Existe desde hace más de 500 años, un pueblo típico de la Venezuela provinciana, con sus características propias, aún todavía perviven casas largas de adobe y bahareque con el tradicional techo a dos aguas, patio central adornado con verdes y pequeños arboles florales y el incomparable calor humano de sus habitantes, sus calles descienden con la mirada al mar, legionarias de tanta historia popular y condiciones intrínsecas que lo hacen distinto, incomparable e inolvidable para sus habitantes, maravilloso para quienes lo visitan por primera vez, acogedor para los que pernoctan y tienen oportunidad de ver sus lunas llenas y oír los compases de las guitarras y la voz de sus trovadores participar en una serenata con aquellos boleros de siempre con el murmullo de las olas marinas besando el litoral, despertar debajo de una ventana a esperar que la suave mano de la mujer amada encienda la luz de la receptividad del eco del amor surtiendo efecto emotivo en lo profundo del alma, sentimiento ancestral que confunde el amor platónico con el posible o real efecto de soñar y transmitir en una melodía todo la fuerza de esa tradición que pervive y se niega a desaparecer a pesar de los embates de la dejadez y abandono destructivo que dejaron los dos últimos gobiernos socialistas, una década de atraso convertida en imperdonable insolencia asociada con el comején, la indiferencia y el deshonor que tanto daño produjo a este pueblo maravilloso que lo merece todo y mucho más.
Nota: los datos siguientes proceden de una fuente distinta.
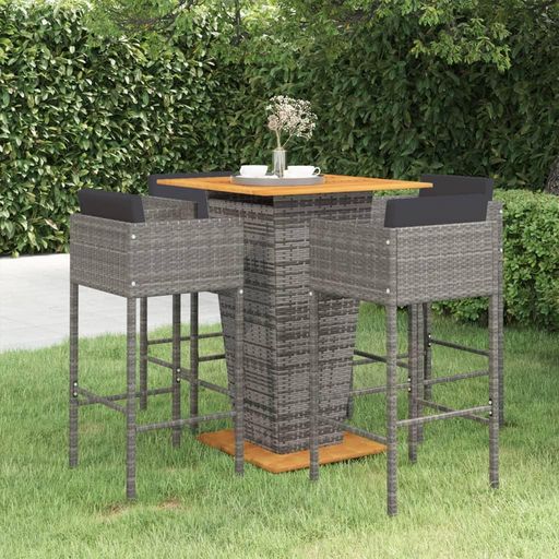 Ensemble de bar de jardin 5 pcs et coussins Resine tressee Gris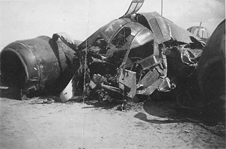 211 Sqd El Dhaba. Night Landing. A/c flew under telegraph wire, hit pile of railway sleepers. Pilot & nav badly hurt. Blenheim I 1940. F/O Peter Collier WOp/AG Thomas. (EL Cooper) This and other photographs of the accident to L1486 was also held by other Squadroon members: Grierson, Hoyes, Sainsbury, Sharratt and Wingrove.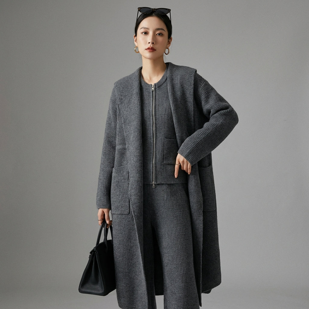 Questo maglione in maglia è un capo essenziale per chi cerca un indumento allo stesso tempo comodo, elegante e facile da abbinare, riflettendo l'essenza della moda coreana moderna.
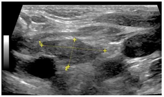 Reactive thymus enlargement (thymus rebound) can be observed after stressful situations (including surgery, burns, and chemotherapy) [31]. In childhood (2–8 years of age), thymic tissue is detectable in more than 90% of cases [33]. On US, the thymic tissue predominantly shows similar homogeneous echogenicity to that of the liver and spleen, with multiple hypoechoic strands. In individual cases, the thymic tissue shows an inhomogeneous echogenicity [34,35]. The hypoechoic strands appear as a “starry sky” on US and help to identify thymic tissue as such [34,35]. The characteristic US image is also helpful in identifying normal anatomic variants, such as cervical or retrocaval extensions of the thymus [34] (Figure 13).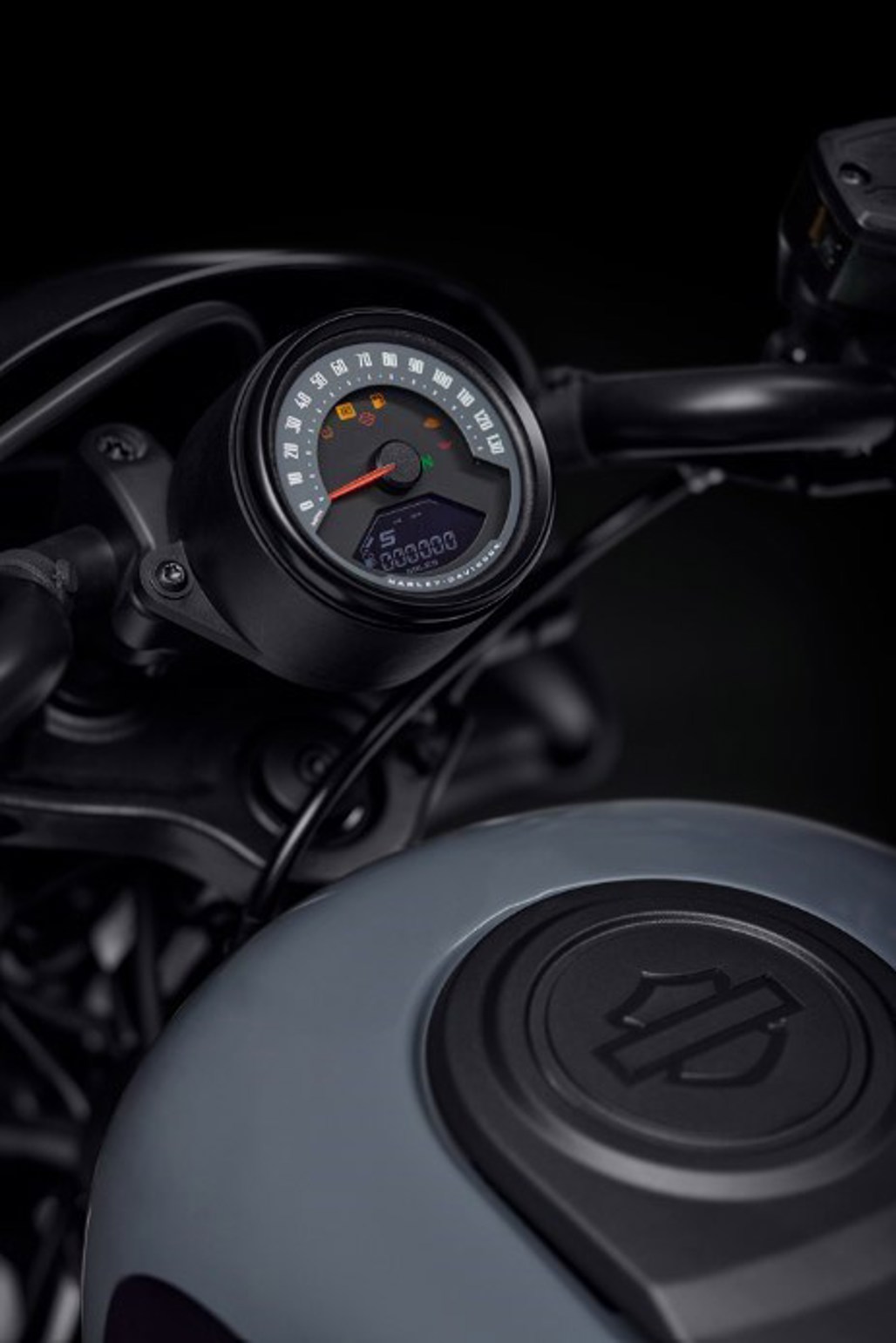 Up front is a 19-inch front wheel (matched to a 16-inch rear) with a classic headlight cowling while the controls are mid-mounted. Behind the headlight is a traditional analogue speedo with LCD insert to keep the rider informed rather than the TFT of the Sportster S.

Con mucha dificultad pero con firmeza comienza a respirarse aire nuevo, a pesar que sus calles centrales invadidas y ocupadas por habitantes ocasionales, la mayoría extranjeros o de otros estados del pais cuyo único interés es explotar su rama comercial en beneficio propio lesionan su imagen ensuciando y contaminando su ambiente dejando un desagradable olor de impotencia, tristeza e inconformidad, esas sufridas calles a ratos suspiran cuando se ven adornadas por el paso de sus hermosísimas mujeres y sus historiadores y poetas confundidos con pescadores, pintores, deportistas, escultores, transportistas, estudiantes activan el sueño que ahora despierta con mucha intensidad.

Los Cumareberos y zamoranos tenemos que crear conciencia positiva, señalar los responsables de los dos últimos gobiernos anteriores como la devoradora maquina destructiva que cual comején invadió nuestras estructura espiritual y comenzar a recomponer el municipio, una ola de voluntades que aporten iniciativas enaltecedoras y se alinean con el alcalde Orlando Millán comprometido en cuerpo y alma en atender personalmente las mejoras del servicio eléctrico, el servicio de agua por acueducto, aseo urbano, botes de aguas servidas que azotan al municipio y cuya respuesta oficial había desaparecido, superar esas secuelas conformistas y promover un cambio activo y positivo para reconstruir el mérito ganado con dedicación y prestancia de ser llamada la Perla de Falcón, seguimos rodeados de amenazas, nubes cargadas de miseria contaminante y aprovechadores de ocasión rondan el futuro, No nos equivoquemos ni nos confiemos los daños sufridos nos alertan, paciente pero seguro vamos subiendo a la superficie, Cumarebo lo merece, nosotros juntos lo podemos hacer, hagámoslo.